The analysis of the oxidative stress profile of the infected cattle revealed a significant increase in the serum MDA (4.29±0.19 vs 2.99±0.05, p<0.01) and NO (137.78±1.27 vs 71.73±1.78, p<0.001) levels, whereas the serum GSH (0.46±0.12 vs 2.30±0.04, p<0.001) and TAC (0.78±0.02 vs 1.77±0.43, p<0.001) concentrations were significantly reduced in comparison with control group (Table-3).

Table-3

Oxidative stress profiles for normal (Control group) and Fasciola hepatica infected cattle (Infected group).

Oxidative stress parameter	Control group	Infected group
MDA (nmol/ml)	2.99±0.05	4.29±0.19*
NO (µmol/L)	71.73±1.78	137.78±1.27**
GSH (mg/dL)	2.30±0.04	0.46±0.12**
TAO (mM/L)	1.77±0.43	0.78±0.02**

Values represent mean±SE. SPSS version 23 (Independent sample t-test). Significance:

p<0.01,

p<0.001 comparing to control cattle. GSH=Glutathione, NO=Nitric oxide, MDA=Malondialdehyde, SE=Standard error

Discussion

Fascioliasis is an extremely serious disease that causes enormous losses in cattle production and in the related meat, milk, and leather industry as Fascciola spp. could be found in ectopic location as the skin[15]. Although the prevalence of fascioliasis recorded in the present study was low (16.81%), which may not be a regular consideration of its prevalence in New Valley, Egypt, analysis of the different immunological and biochemical parameters emphasizes on how the infestation of F. hepatica even at such a low prevalence rate affects the quality of meat and meat products, particularly when apparently clinically normal animals are allowed to be slaughtered after antemortem examination.
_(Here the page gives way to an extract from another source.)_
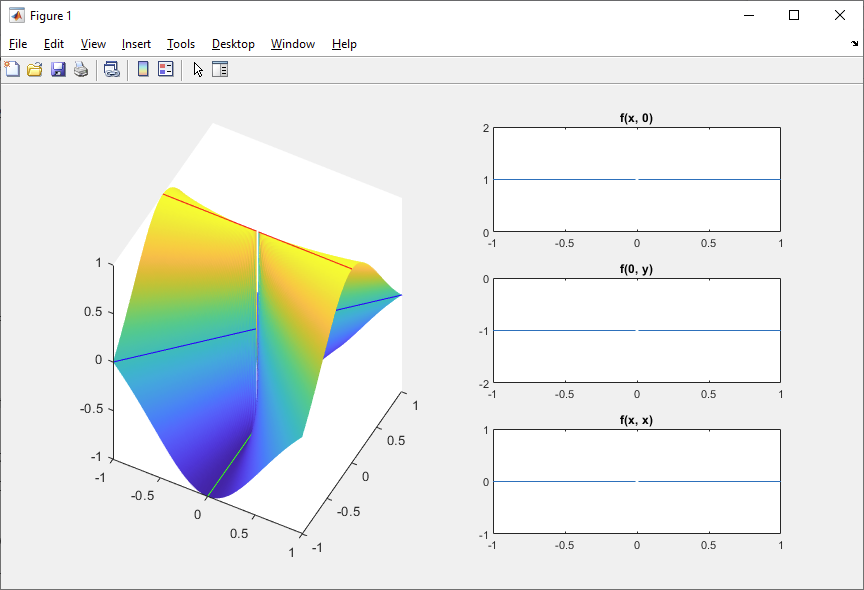 subplot(3, 2, 6), plot(diag(xx), diag(zz)), title('f(x, x)')
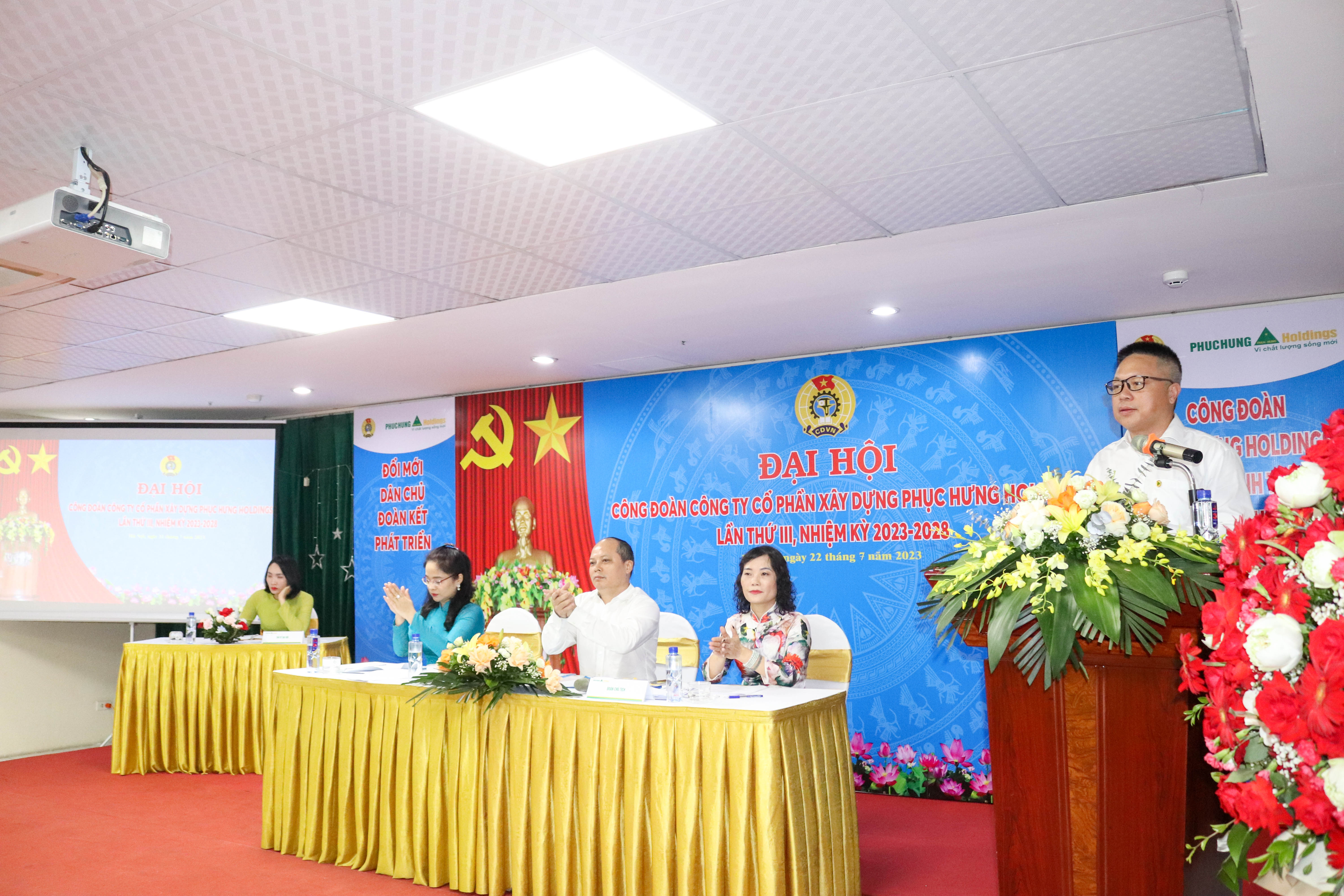 Thay mặt Chi ủy, Hội đồng quản trị, Ban lãnh đạo công ty, đồng chí Cao Tùng Lâm – Bí thư Chi bộ, Chủ tịch Hội đồng quản trị đề nghị tổ chức Công đoàn cùng toàn thể cán bộ, đoàn viên, người lao động Phục Hưng Holdings tiếp tục bám sát mục tiêu tổng quát nhiệm kỳ 2023 - 2028 "CÔNG ĐOÀN PHỤC HƯNG HOLDINGS: “NƠI KẾT TINH TRÍ TUỆ - NƠI CHIA SẺ YÊU THƯƠNG’’ - kết tinh những trí tuệ từ Người Lãnh đạo, đội ngũ cán bộ, kỹ sư đến những người công nhân lao động nhằm tạo nên sức mạnh đoàn kết, trở thành cầu nối để hiểu và giải quyết các vấn đề xung đột giữa người sử dụng lao động và người lao động, cùng nhau sát cánh đưa Công ty thực hiện thắng lợi các mục tiêu, kế hoạch trong những năm tiếp theo.

Abattoirs are important in terms of assurance of the quality of meat and meat products for human consumption. Furthermore, they provide byproducts for livestock-based industries. More importantly, abattoirs aim at controlling animal and zoonotic diseases. The investigation of bovine fascioliasis at abattoirs has provided useful information regarding the prevalence of diseases and the economic losses caused due to liver condemnation worldwide [13].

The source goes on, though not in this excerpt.